The throat face says that Smolola has identified both pain points at the time the robotics research community-this is an open source robotics-based model that is trained on the open dataset of the Lerobot community. Smolola is a 450 million parameter AI model that can run on a desktop computer with the same compatible GPU, or even one of the new MacBook devices.
The architecture is approaching, made on the company’s VLM models. It contains a smuggling vision encoder and the language of the language. Visual information is caught and extracted by vision encoder, while natural language indicators are fed in Tokinzed and Decoder.
When dealing with movements or physical action (performing work through robotic hardware), the sensormotor signals are added to the same token. The decoder then connects all this information into the same stream and works together. This enables the model to understand real -world data and work, and not as separate organizations.

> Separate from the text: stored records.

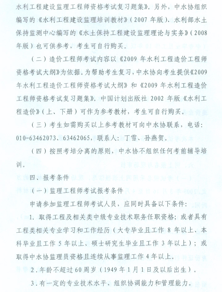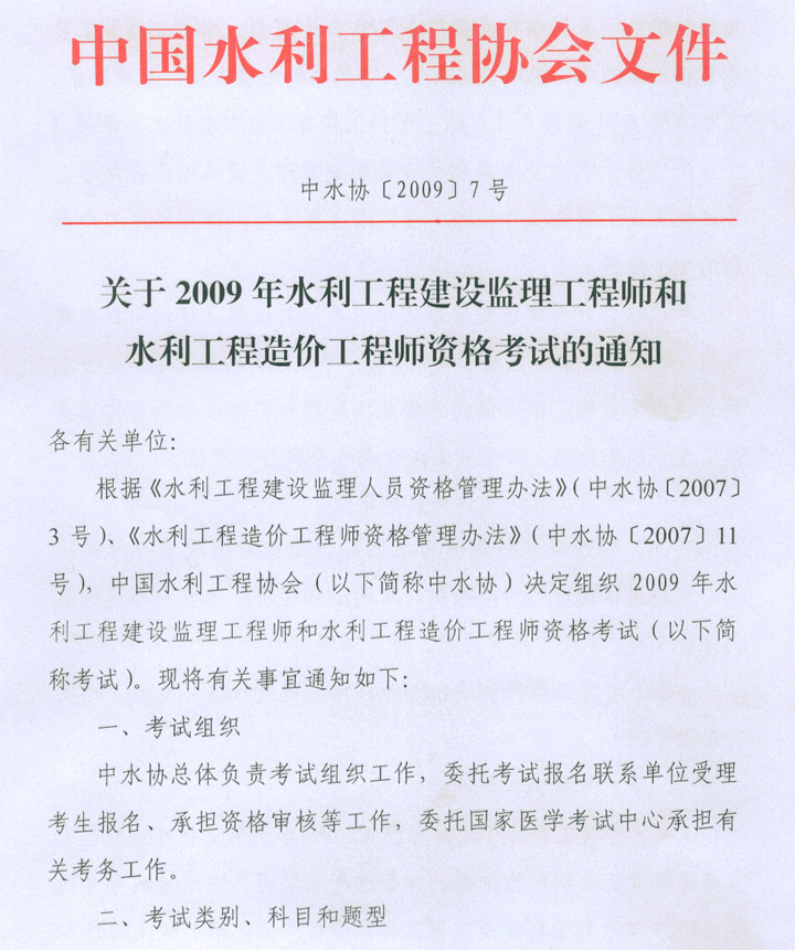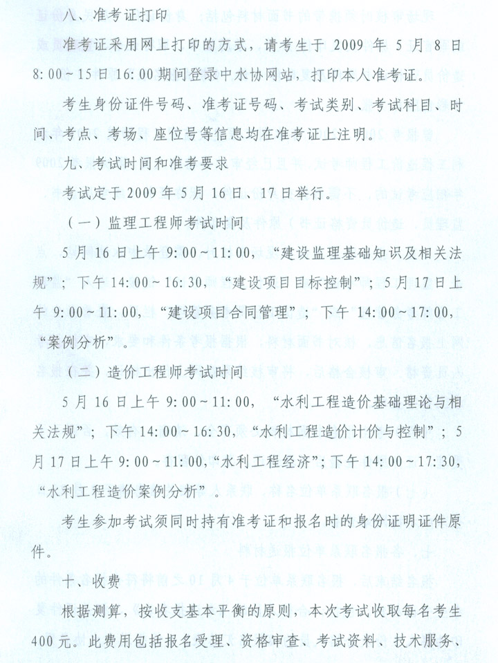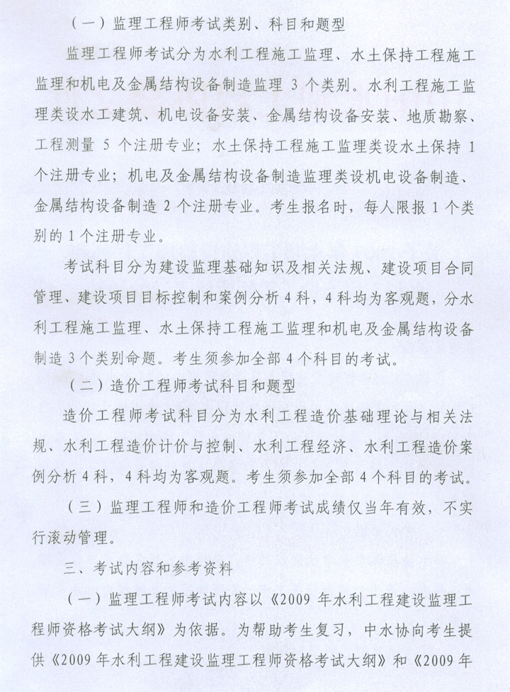 关于2009年水利工程建设监理工程师和水利工程造价工程师资格考试的通知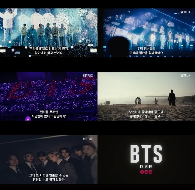 방탄소년단이 정규 5집 '아리랑' 작업 과정을 담은 다큐멘터리 영화 'BTS: THE RETURN' 예고편을 17일 오전 8시 공식 SNS에 공개했다. 전통 민요 '아리랑'을 배경음악으로 삽입해 팀의 정체성과 시작점을 되짚었다.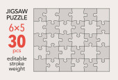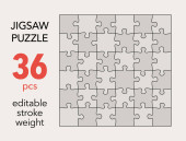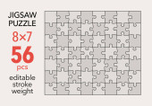 Puste puzzle szablon siatki, 7x6 kształty, 42 kawałki. Oddzielne pasujące elementy układanki. Płaski wektor ilustracji układ, każdy kawałek jest w jednym kształcie.
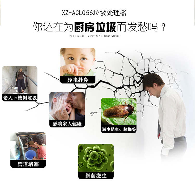 ACLQ56-廚房垃圾處理器,該機器是靠內部結構、零件組合達到處理垃圾的效果,通過碾、壓、擠、磨等系統的處理,在十幾秒內安全將食物垃圾處理成小于3毫米的顆粒,隨著水流排入下水道,使用十分安全。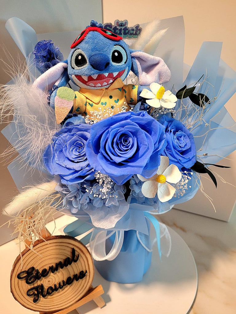 Immerse yourself in the peaceful beauty and timeless allure of our Timeless Romance Blue Preserved Roses Bouquet, expertly created to bring about calmness and elegance, offered exclusively at Eternal Flowers Singapore. Enhance it further with a Stitch plush toy.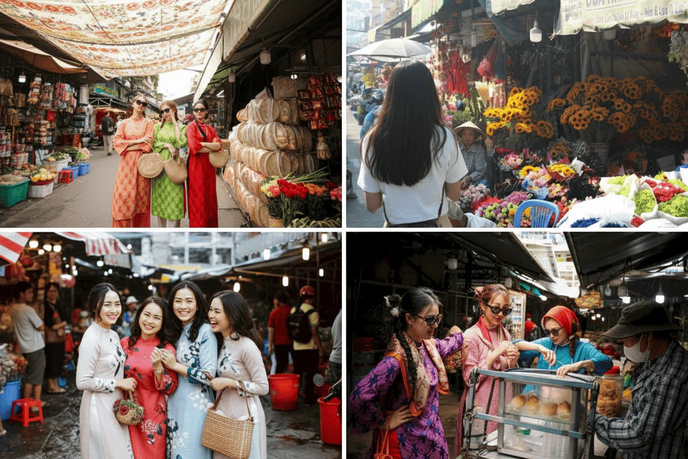 Chợ Bến Thành không chỉ là biểu tượng của thành phố mà còn là một background Tết đậm chất Sài Gòn. Với các tiểu cảnh Tết, đèn lồng, hoa và đồ trang trí, nơi này tạo nên những bức ảnh hòa quyện giữa truyền thống và hiện đại.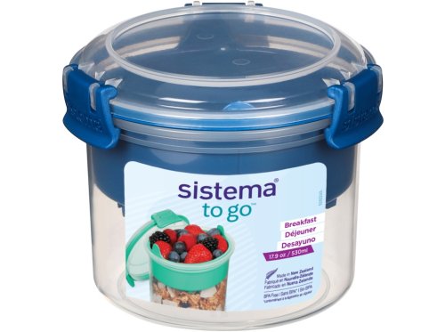 Sistema TO GO 530 ml s vnitřní oddělenou miskou a lžičkou je chytrý a praktický pomocník pro všechny, kteří si chtějí vzít zdravou snídani nebo svačinku do práce, do školy nebo na výlety. Praktický tvar umožňuje ukládat odděleně různé druhy potravin a promíchat je těsně před konzumací. Ve spodní části můžete uložit třeba jogurt, v horní jakoukoliv vhodnou přísadu (müsli, ovoce, sušené plody nebo cereálie). Díky přiložené lžičce můžete svoje oblíbené pochoutky konzumovat kdekoliv. Stohovatelný tvar zajišťuje maximální využití prostoru ve spíži, chladničce a mrazničce.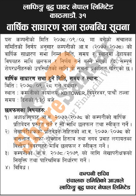 Laughing Buddha Power Nepal Limited has announced its AGM going to be held on 28th Poush, 2078.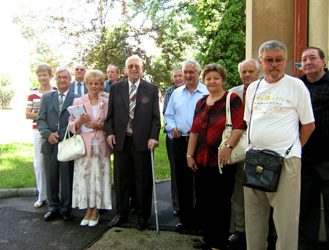 Ebben az évben - rendhagyó módon - a nyárra is jutott a találkozókból. Kedvcsinálóként beszámolunk Sipiczky Frigyes tanár úr 1968-as 4. B osztályának összejöveteléről, ahonnan képeket is kaptunk. Így 45 év után is örömmel és nagy számban jelentek meg az osztály tagjai a Vízmű épületében. A boldog ölelkezéseket követően rendhagyó osztályfőnöki órára gyülekeztek a régi teremben. A névsorolvasás után - a régi foglalkozások hangulatában - az érett diákok áhítattal hallgatták Sipiczky tanár úr színes előadását, bölcs gondolatait tudásról, szakmáról, történelemről, emberségről. A régi derűvel csattant fel a kacagás a tanár úr megszokott, fanyar humorával fűszerezett fordulatokon.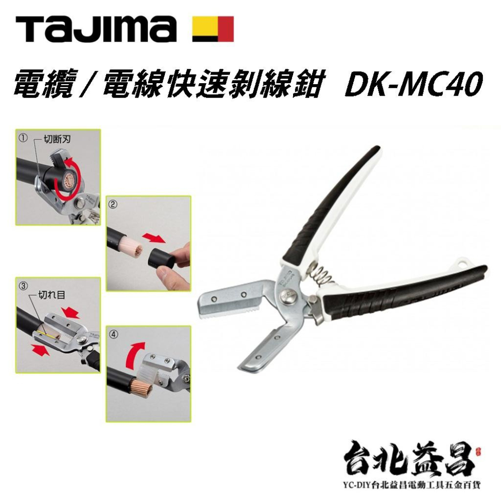 【台北益昌】TAJIMA 田島 電纜 電線 快速剝線鉗 剝皮剪 剝線剪刀 DK-MC40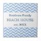 Dieser hübsche, personalisierte Strandhaus-Keramikfliesenentwurf hat ein leicht strukturiertes blau-und-weißes Fischgrätenmustermuster. Fügen Sie leicht Ihre persönlichen Details den Vorlagen hinzu. Sie können "Strandhaus" "zum Sommer-Zuhause sogar ändern," "Seehaus" oder irgendeine andere Benennung, die Sie möchten. Dieser moderne, elegante Entwurf ist perfekt, Ihr Küsten-/Ozean/Seethema-Wohngestaltung zusammenzubringen.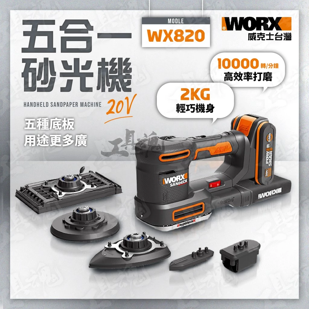 威克士- WX820 20V 五合一砂光機 砂紙機 研磨機 打孔機 拋光機 打磨機 牆面砂紙 木
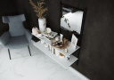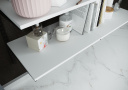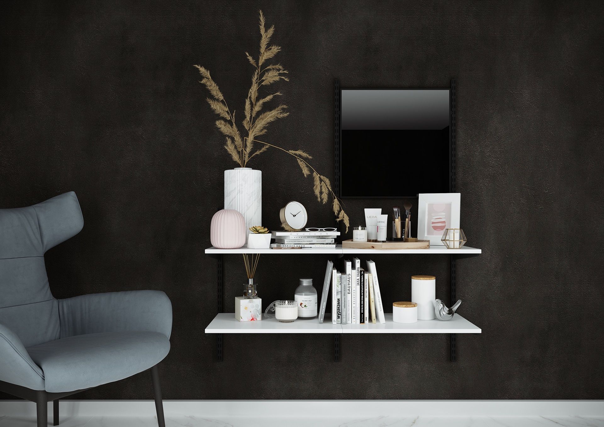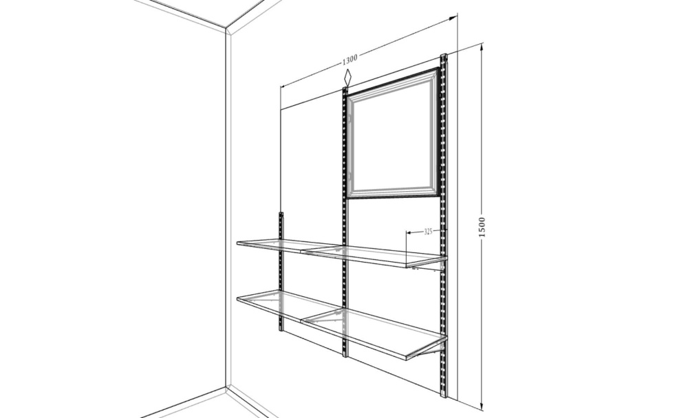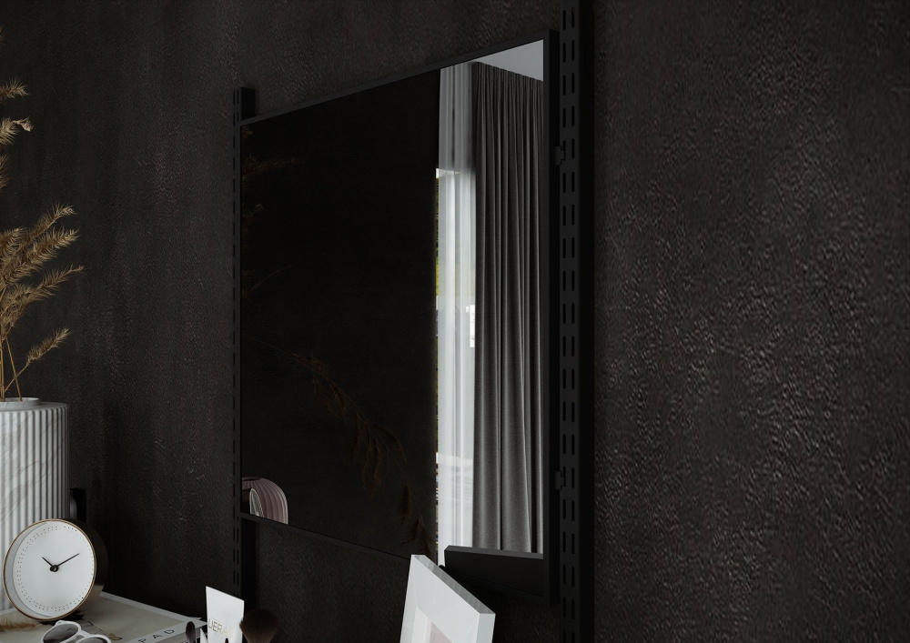 Полки навесные из ЛДСП 16 мм Белый Премиум и зеркало в рамке фиксируются на черных кронштейнах, которые крепятся к металлическим направляющим на удобной высоте.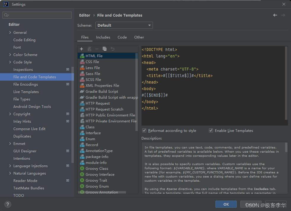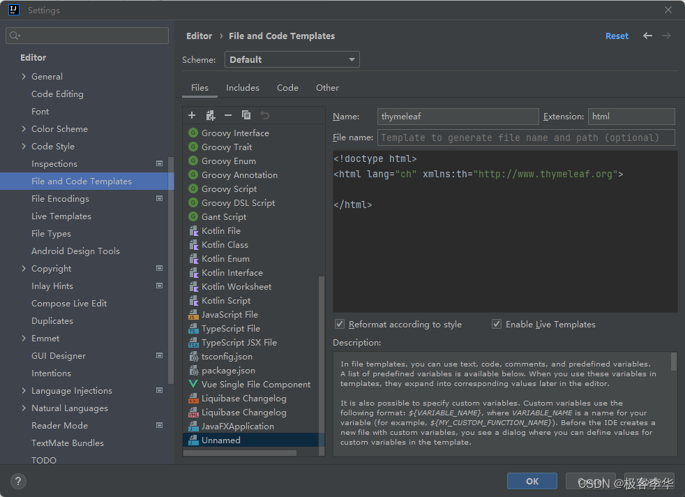 再setting的Editor中的File and code Templates中创建,thymeleaf模板,方便以后的调用。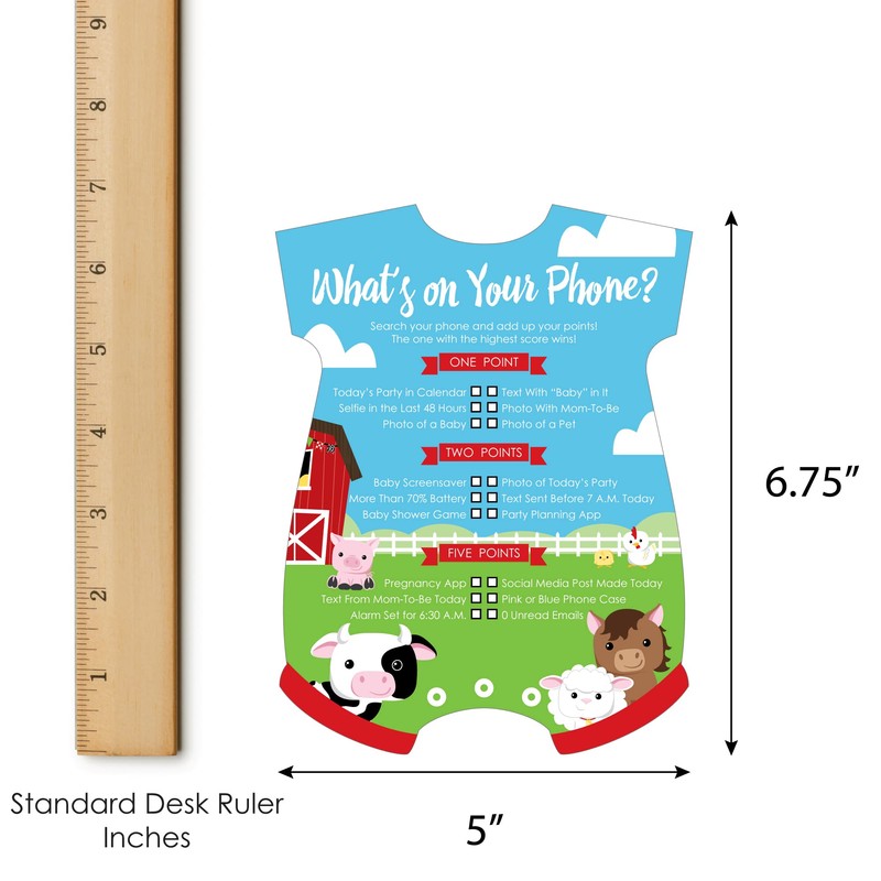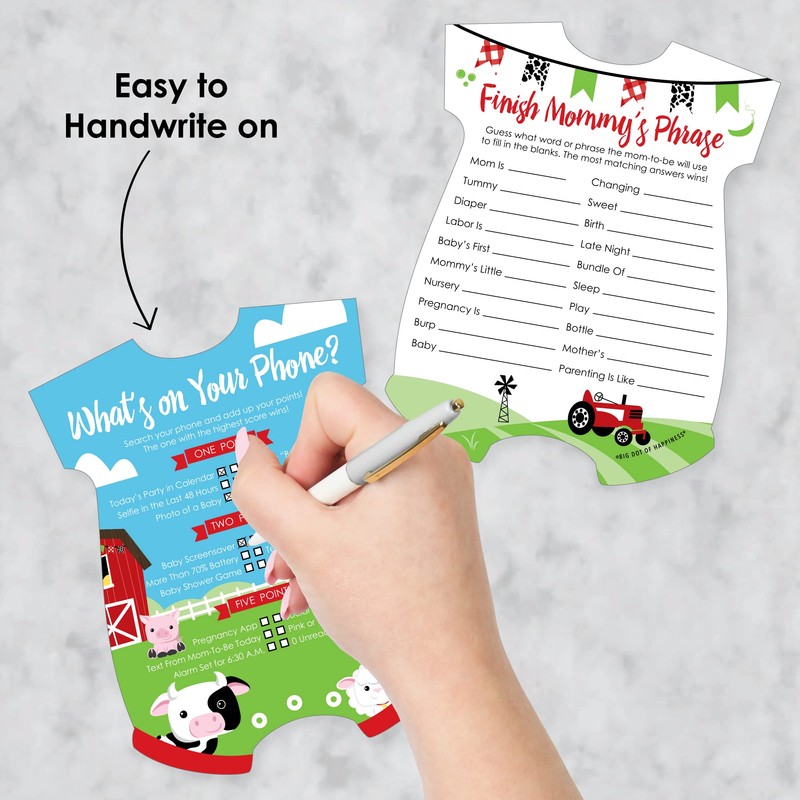 - Festive Fun: Add some entertainment to your celebration when you pass out the 2-in-1 Farm Animals activity cards. Each card is easy to handwrite on and features games What’s On Your Phone? and Finish Mommy’s Phrase.

Smola sends everything and sends everything known as an action expert, which shows what to do. The action expert is a transformer -based architecture with 100 million parameters. It has predicted a series of future tricks for robots (walking steps, arm movements, etc.), also known as the action section.
Although this applies to a niche -populated data, but those who can work with robotics Download Open Open Open Open Open Open Open Open Weight, Details, and Training Recitation Recipes. In addition, robotics enthusiasts who have access to robotic arm or similar hardware can also download them to run models and try real -time robotics workflows.